Тем не менее пессимистичное, основанное на собственном печальном жизненном опыте замечание писательницы Н. Д. Хвощинской не позволяет переоценить качество интеллектуального ресурса молодых дворянок: «В те времена во всей России смеялись над писательницами, делая исключение для одной гр[афини] Ростопчиной; в провинциях гонение было еще сильнее. Было принято, между женщинами и, в особенности, между девушками – невежество, как теперь приняты кринолины»[405].
В ее представлении девичество как «возраст жизни» – это время, когда дворянка становилась объектом бездумной манипуляции и подчинения и не могла противопоставить этому самостоятельного поведения: «…вы обязаны думать, потому что иначе вы будете насильником самой себе, а это нечестно, да… и неумно. За что же? Что вы себе сделали, чтобы поступать с собой так, как поступают с девицами, никогда не думавши, гувернантки?»[406]

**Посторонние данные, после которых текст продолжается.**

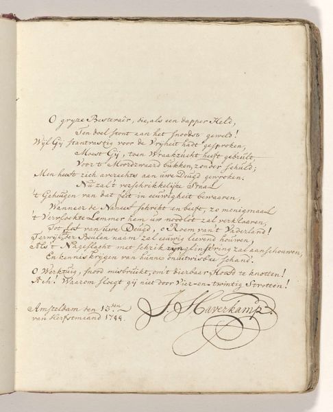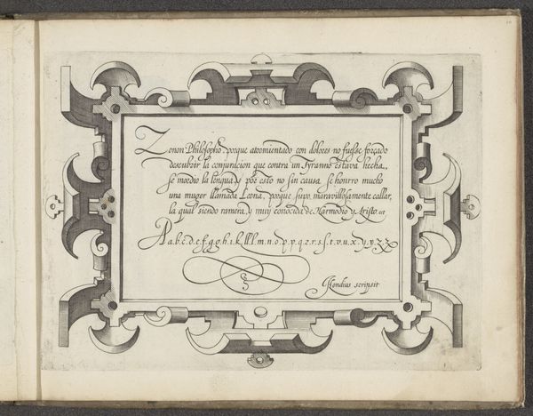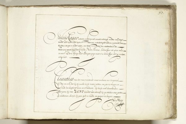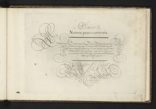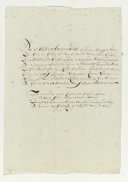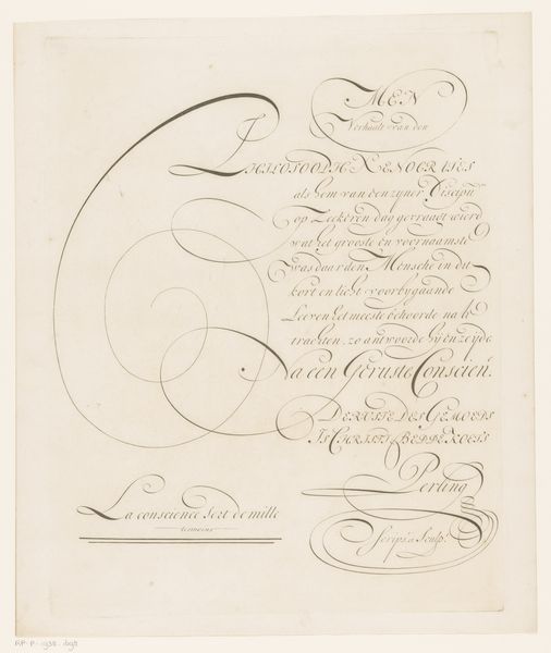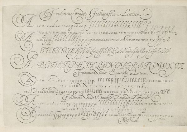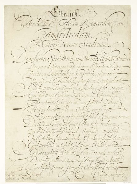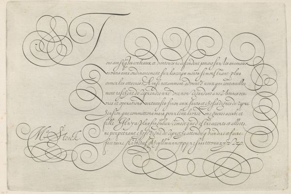 Editor: So, this is Nicolaas Muys' "Demonstratie van schoonschrijfkunst," or "Demonstration of Calligraphy," from 1671. It’s a drawing in ink on paper. I’m struck by the contrast between the formality of the calligraphy and the almost playful, whimsical flourishes. What do you make of it? Curator: This is fascinating. Calligraphy, at this time, was far more than just penmanship; it was a powerful cultural symbol. Notice how the script seems almost to dance across the page? What does that evoke for you? Editor: I guess it feels both precise and expressive at the same time. It reminds me of formal dances. Curator: Exactly. It carries echoes of ritual, doesn't it? The flourishes and the letterforms all speak to the symbolic importance of order, balance, and beauty within 17th-century Dutch society. Calligraphy was considered an art form, laden with meaning. How does the act of writing itself feature in this piece, separate from its semantic content? Editor: I suppose the act of demonstration implies knowledge being passed down or performed for others, like a display of skill and erudition. It isn’t just about what is written but how the text is made. Curator: Precisely. The cultural memory embedded within the strokes and forms. Do you see hints of personal or professional identity conveyed here, not just information, within these characters? Editor: It’s made me rethink calligraphy, no longer just as writing, but as a form of cultural expression. The skill and mastery it represents, and its place within its time. Curator: Agreed. The image of writing gains further meaning.

Образ жизни дворянских девушек визуализуется в интерьерной русской живописи через атрибутирование им письма[407], книги[408], фортепиано с нотами[409], альбома[410]. Альбомные стихи, вошедшие в моду в XVIII веке[411] и ставшие неизменными спутниками девичества[412], были дополнены в XIX веке тетрадями со своими[413] или чужими понравившимися[414] стихами. Зачастую девушка, которая «находила одну отраду искренно высказаться на страницах своего дневника»[415]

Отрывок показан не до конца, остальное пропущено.